# About this task:
Could you return every record below word for word, leaving out the pictures?

Entries taken from a collection:
- - - - - - -
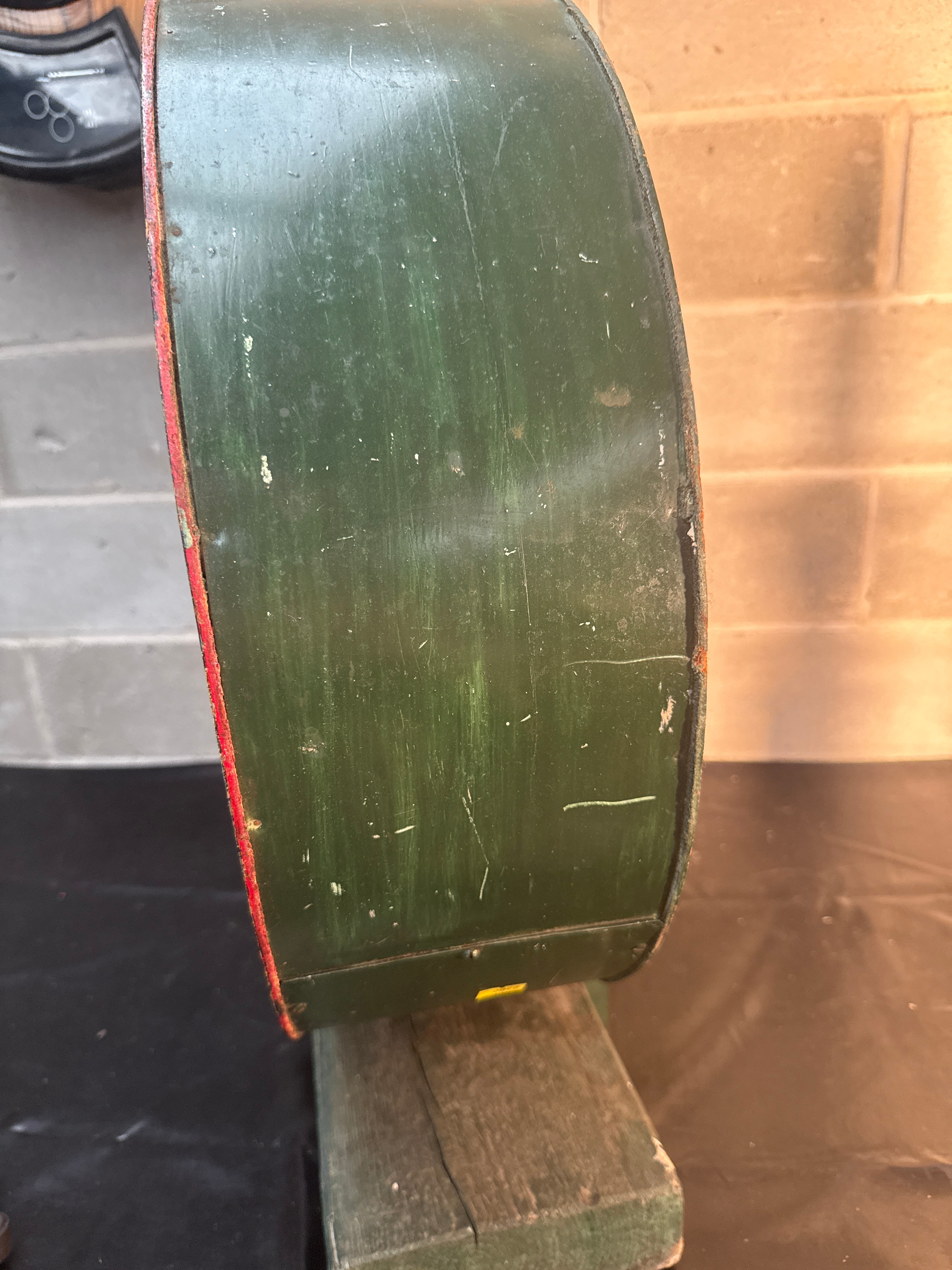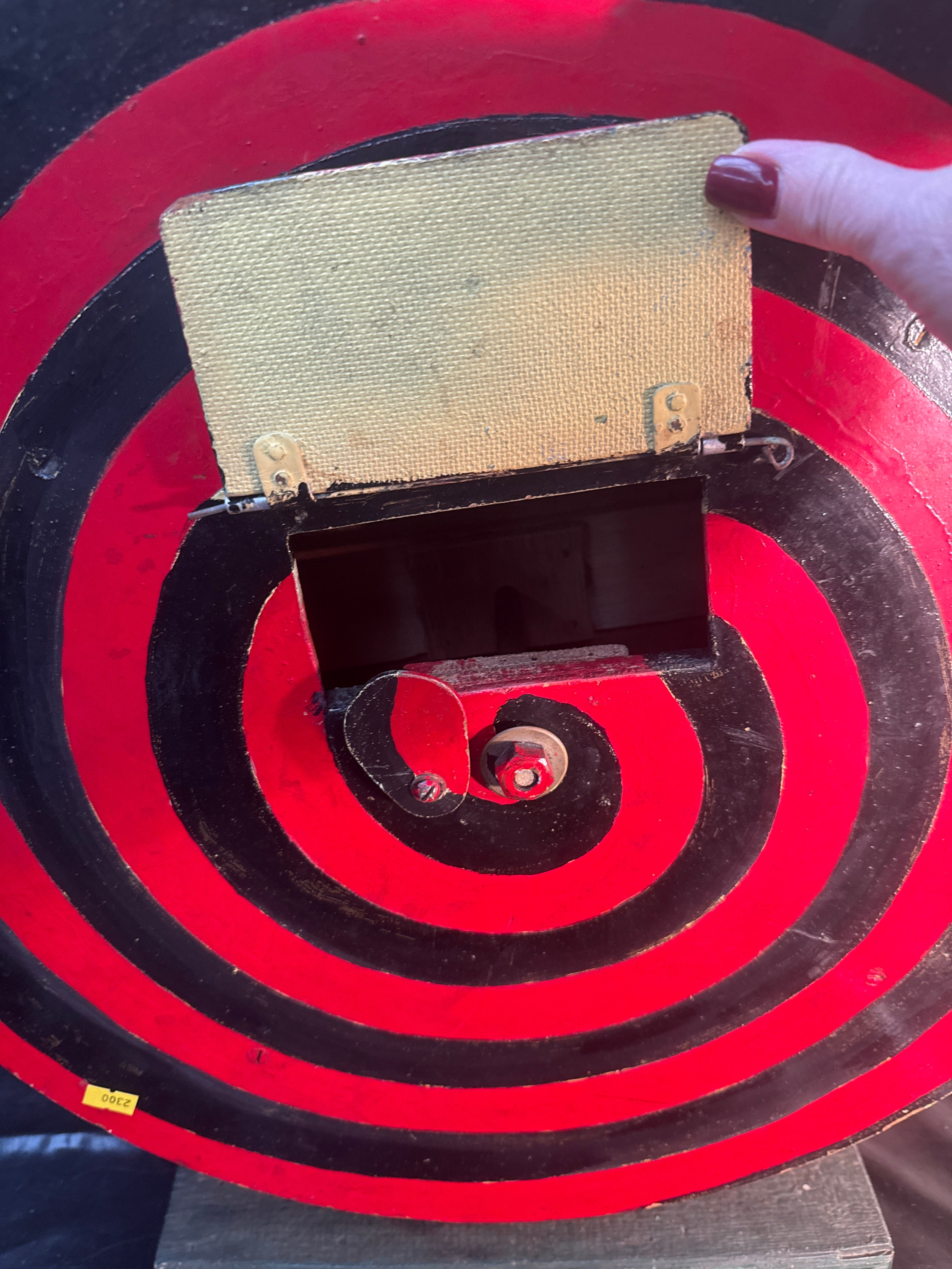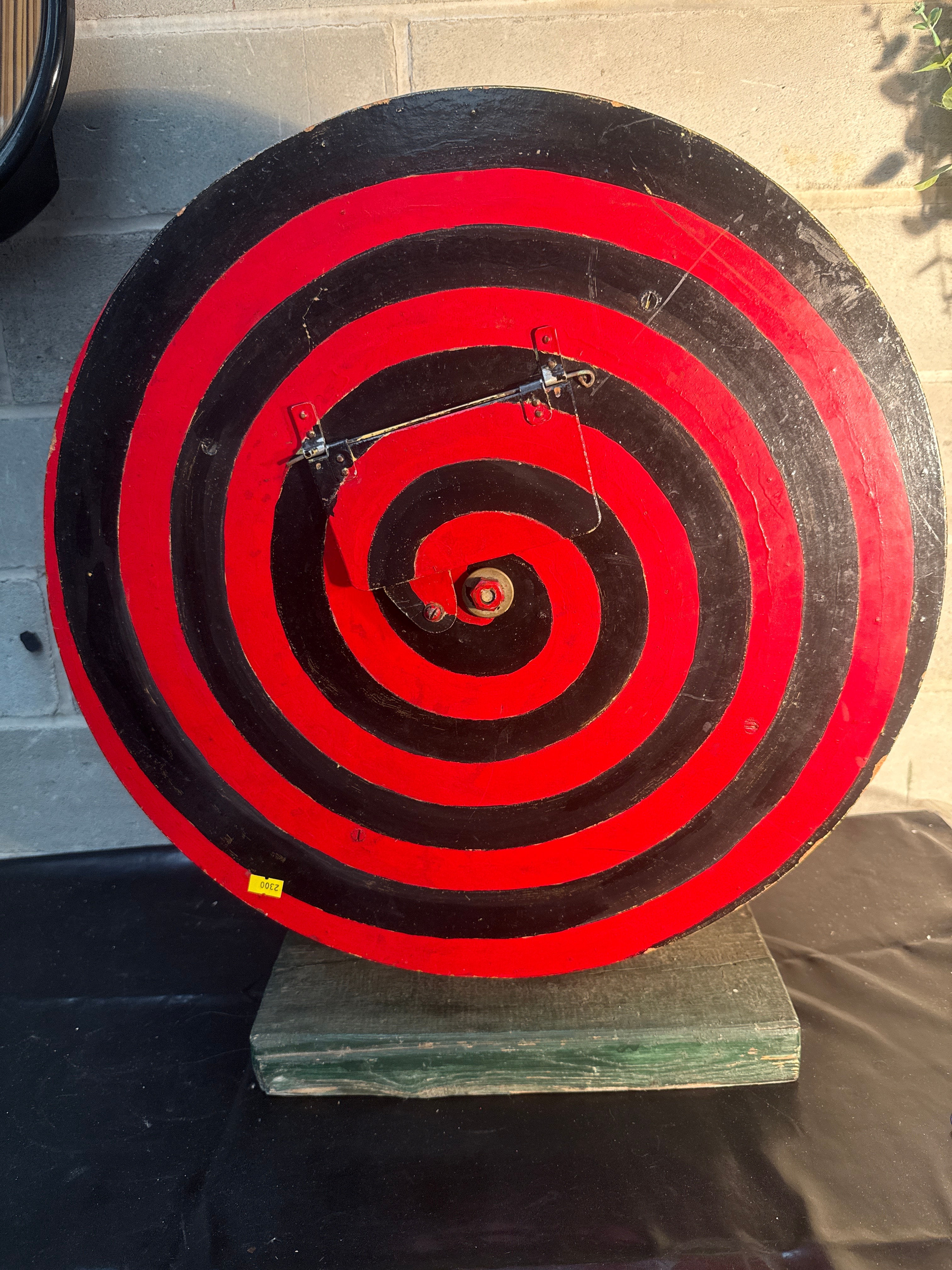 A large, circular, vintage-style game wheel or display, predominantly constructed from painted wood. The face features a striking red and black concentric spiral design, while the thick side is painted dark green. A central metal pin and a visible string-and-pivot mechanism are present on the face, along with a hinged access panel, possibly wood covered with a textured material, which opens to reveal a rectangular slot and internal components. A yellow sticker displaying the number “2300” is affixed to the lower left edge.
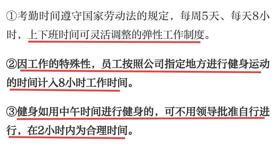 在这家公司的员工手册中,跟本案有关的有这样几条规定:公司的员工手册规定:①考勤时间遵守国家劳动法的规定,每周5天、每天8小时,上下班时间可灵活调整的弹性工作制度。②因工作的特殊性,员工按照公司指定地方进行健身运动的时间计入8小时工作时间。③健身如用中午时间进行健身的,可不用领导批准自行进行,在2小时内为合理时间。④如中午之外的其他工作时间健身的,需要上级领导批准,否则视为旷工。
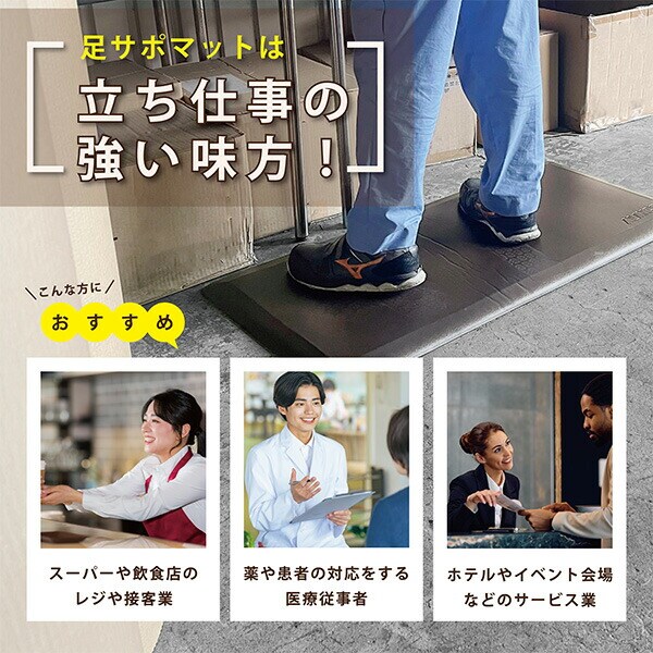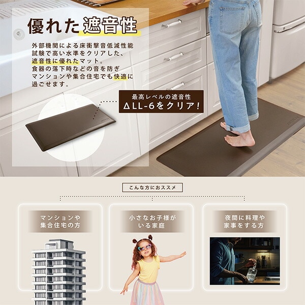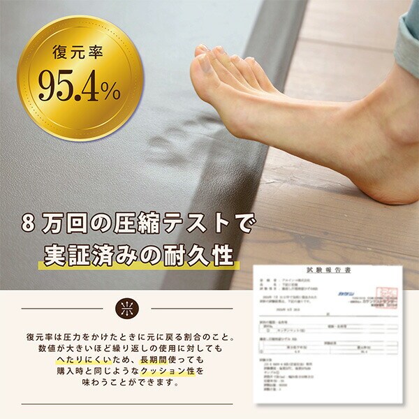 | 商品説明 | ●足の負担軽減に特化したカラダにやさしいキッチンマット ●最大圧力約30%軽減 ●8万回の圧縮テストで実証済みの耐久性 ●撥水性が高く汚れに強い ●優れた遮音性 ●全辺安心のなだらか傾斜加工 |
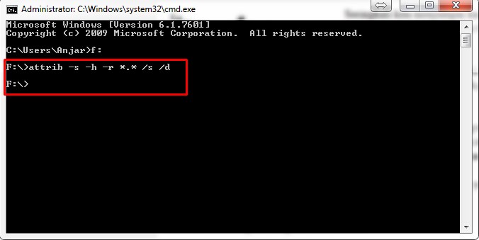 - Selanjutnya ketik perintah attrib -s -h -r *.* /s /d lalu tekan enter.
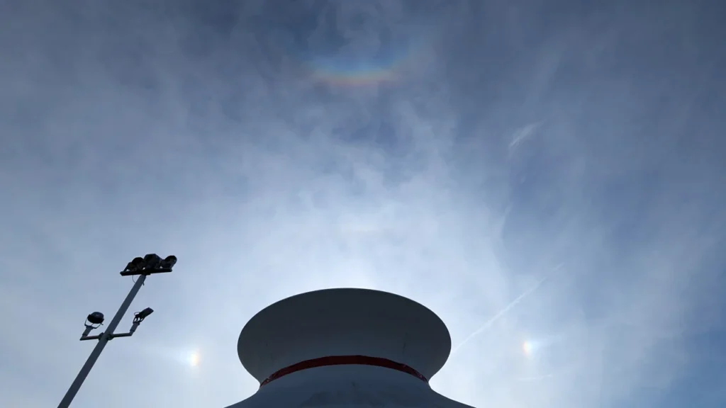 The halo is formed by the refraction of sunlight through millions of hexagonal ice crystals in the clouds. The crystals behave like jewels. The hexagon shape of these ice crystals, as well as their orientation, causes the sunlight to bend at a consistent angle, creating the circular ring. Halos can be seen all year round and they are more frequent than rainbows. If the Sun is low on the horizon, the halo may be accompanied by sun dogs on the left and right. Sun dogs are at their brightest when the Sun is low. There are a lot of infrequent halos and halo features to look out for too: tangent arcs, parry arcs, circumscribed halos, etc.
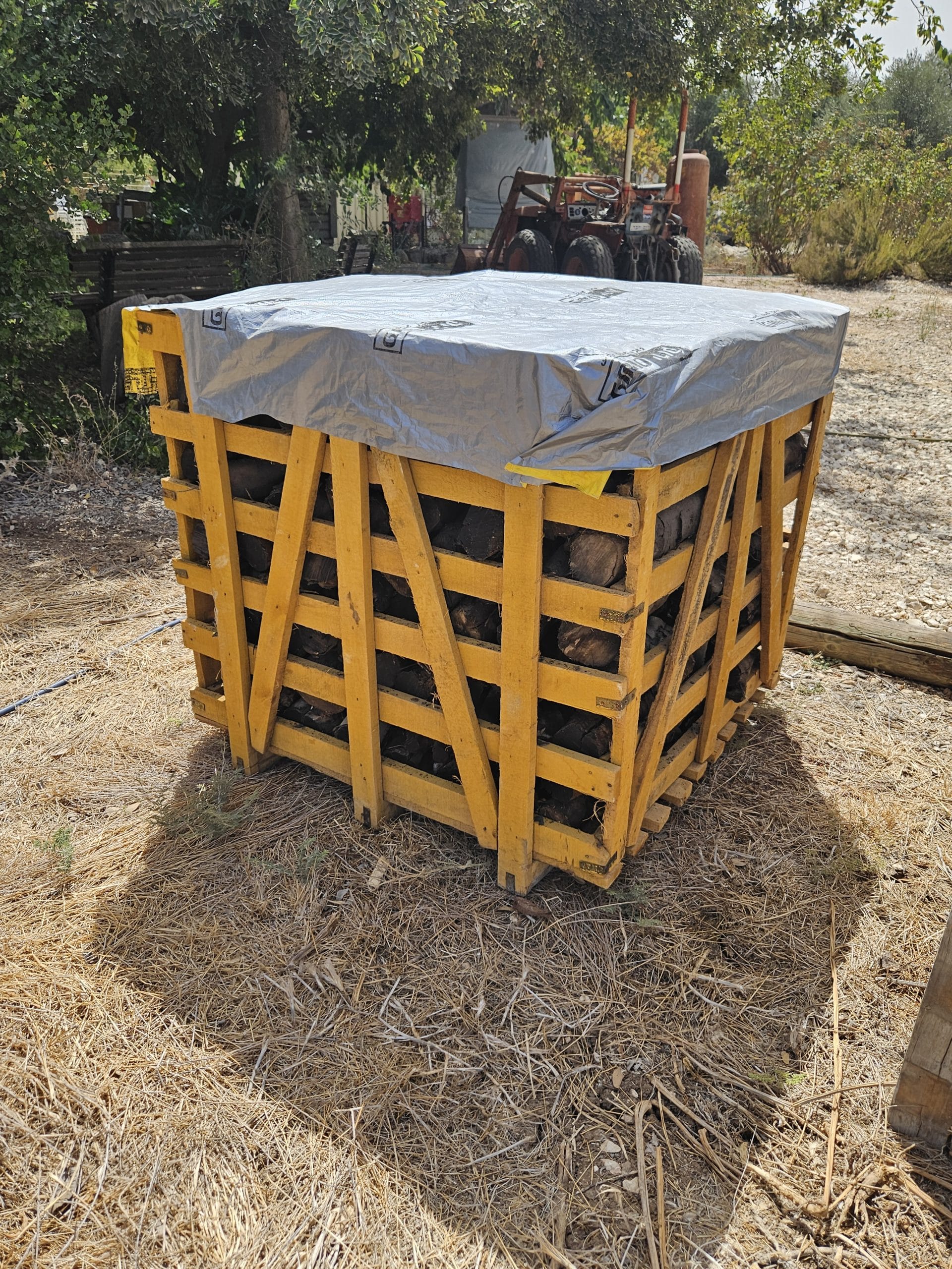 ארוז בכלוב מטר קוב – לא שק – מאפשר לראות את כמות ואיכות העץ המסודר בכלוב.
- - - - - - -
# Task response:
 A large, circular, vintage-style game wheel or display, predominantly constructed from painted wood. The face features a striking red and black concentric spiral design, while the thick side is painted dark green. A central metal pin and a visible string-and-pivot mechanism are present on the face, along with a hinged access panel, possibly wood covered with a textured material, which opens to reveal a rectangular slot and internal components. A yellow sticker displaying the number “2300” is affixed to the lower left edge.
 在这家公司的员工手册中,跟本案有关的有这样几条规定:公司的员工手册规定:①考勤时间遵守国家劳动法的规定,每周5天、每天8小时,上下班时间可灵活调整的弹性工作制度。②因工作的特殊性,员工按照公司指定地方进行健身运动的时间计入8小时工作时间。③健身如用中午时间进行健身的,可不用领导批准自行进行,在2小时内为合理时间。④如中午之外的其他工作时间健身的,需要上级领导批准,否则视为旷工。
 | 商品説明 | ●足の負担軽減に特化したカラダにやさしいキッチンマット ●最大圧力約30%軽減 ●8万回の圧縮テストで実証済みの耐久性 ●撥水性が高く汚れに強い ●優れた遮音性 ●全辺安心のなだらか傾斜加工 |
 - Selanjutnya ketik perintah attrib -s -h -r *.* /s /d lalu tekan enter.
 The halo is formed by the refraction of sunlight through millions of hexagonal ice crystals in the clouds. The crystals behave like jewels. The hexagon shape of these ice crystals, as well as their orientation, causes the sunlight to bend at a consistent angle, creating the circular ring. Halos can be seen all year round and they are more frequent than rainbows. If the Sun is low on the horizon, the halo may be accompanied by sun dogs on the left and right. Sun dogs are at their brightest when the Sun is low. There are a lot of infrequent halos and halo features to look out for too: tangent arcs, parry arcs, circumscribed halos, etc.
 ארוז בכלוב מטר קוב – לא שק – מאפשר לראות את כמות ואיכות העץ המסודר בכלוב.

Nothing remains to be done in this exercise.